━━━━━ SOURCE MATERIAL

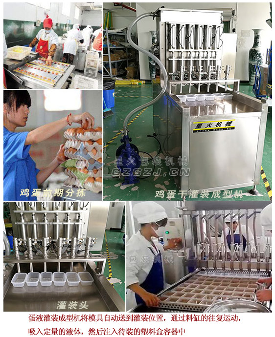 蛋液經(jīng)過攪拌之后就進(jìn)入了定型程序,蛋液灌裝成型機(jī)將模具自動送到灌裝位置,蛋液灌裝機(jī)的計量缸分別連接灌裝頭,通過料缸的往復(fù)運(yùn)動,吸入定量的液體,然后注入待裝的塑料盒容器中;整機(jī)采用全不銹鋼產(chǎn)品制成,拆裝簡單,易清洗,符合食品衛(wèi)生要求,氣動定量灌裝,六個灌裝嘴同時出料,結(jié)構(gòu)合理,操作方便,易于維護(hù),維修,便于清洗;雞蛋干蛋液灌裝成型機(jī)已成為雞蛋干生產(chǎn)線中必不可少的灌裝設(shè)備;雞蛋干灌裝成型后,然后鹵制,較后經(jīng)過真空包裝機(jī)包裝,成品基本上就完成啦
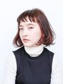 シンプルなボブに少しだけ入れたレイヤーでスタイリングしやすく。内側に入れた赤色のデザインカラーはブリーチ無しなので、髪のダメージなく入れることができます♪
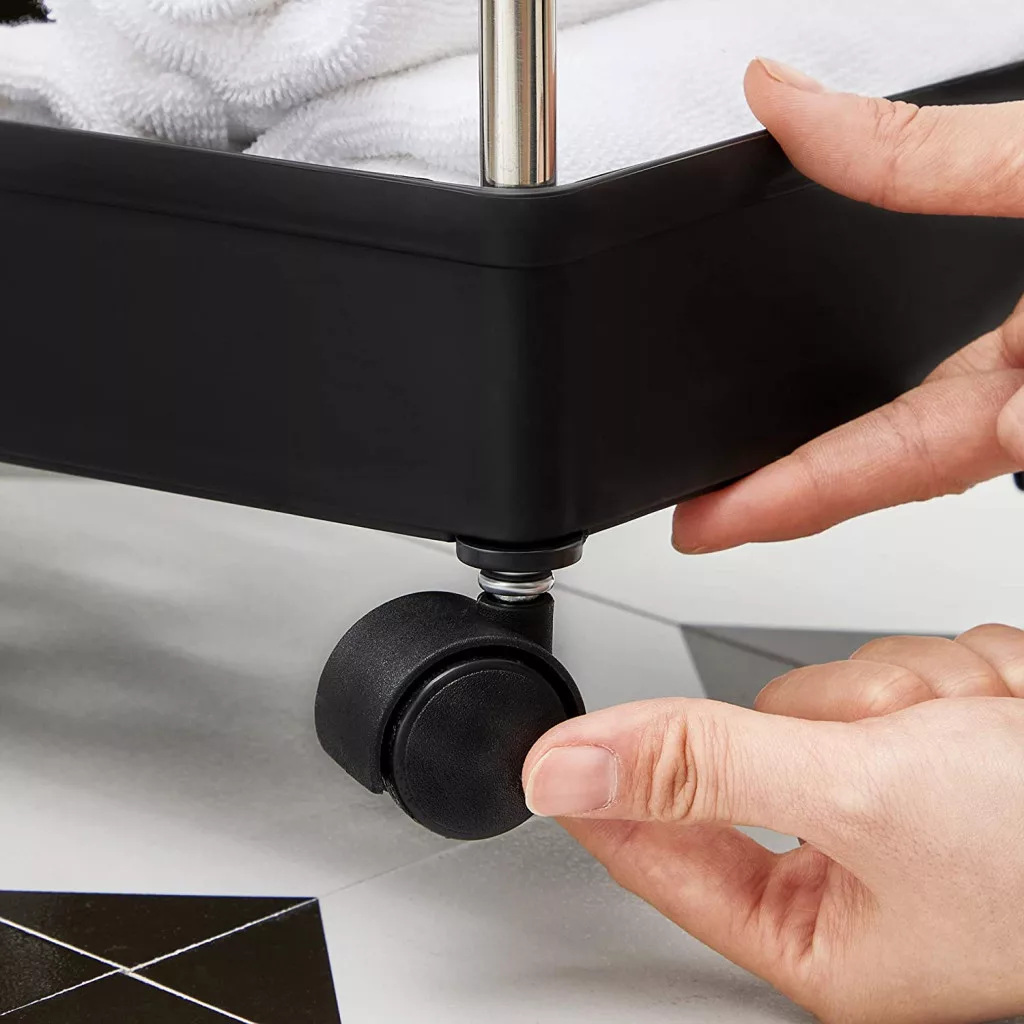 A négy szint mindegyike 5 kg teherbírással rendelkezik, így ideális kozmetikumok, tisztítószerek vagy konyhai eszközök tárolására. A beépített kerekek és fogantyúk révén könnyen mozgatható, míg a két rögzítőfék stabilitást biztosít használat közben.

━━━━━━━━━━

▸ EXERCISE BRIEF:
Please reproduce nothing but the lines from the one containing "シンプルなボブに少しだけ入れ" through the closing line of the listing, retyped word for word, pictures excluded.

▸ ANSWER TO THIS TASK:
 シンプルなボブに少しだけ入れたレイヤーでスタイリングしやすく。内側に入れた赤色のデザインカラーはブリーチ無しなので、髪のダメージなく入れることができます♪
 A négy szint mindegyike 5 kg teherbírással rendelkezik, így ideális kozmetikumok, tisztítószerek vagy konyhai eszközök tárolására. A beépített kerekek és fogantyúk révén könnyen mozgatható, míg a két rögzítőfék stabilitást biztosít használat közben.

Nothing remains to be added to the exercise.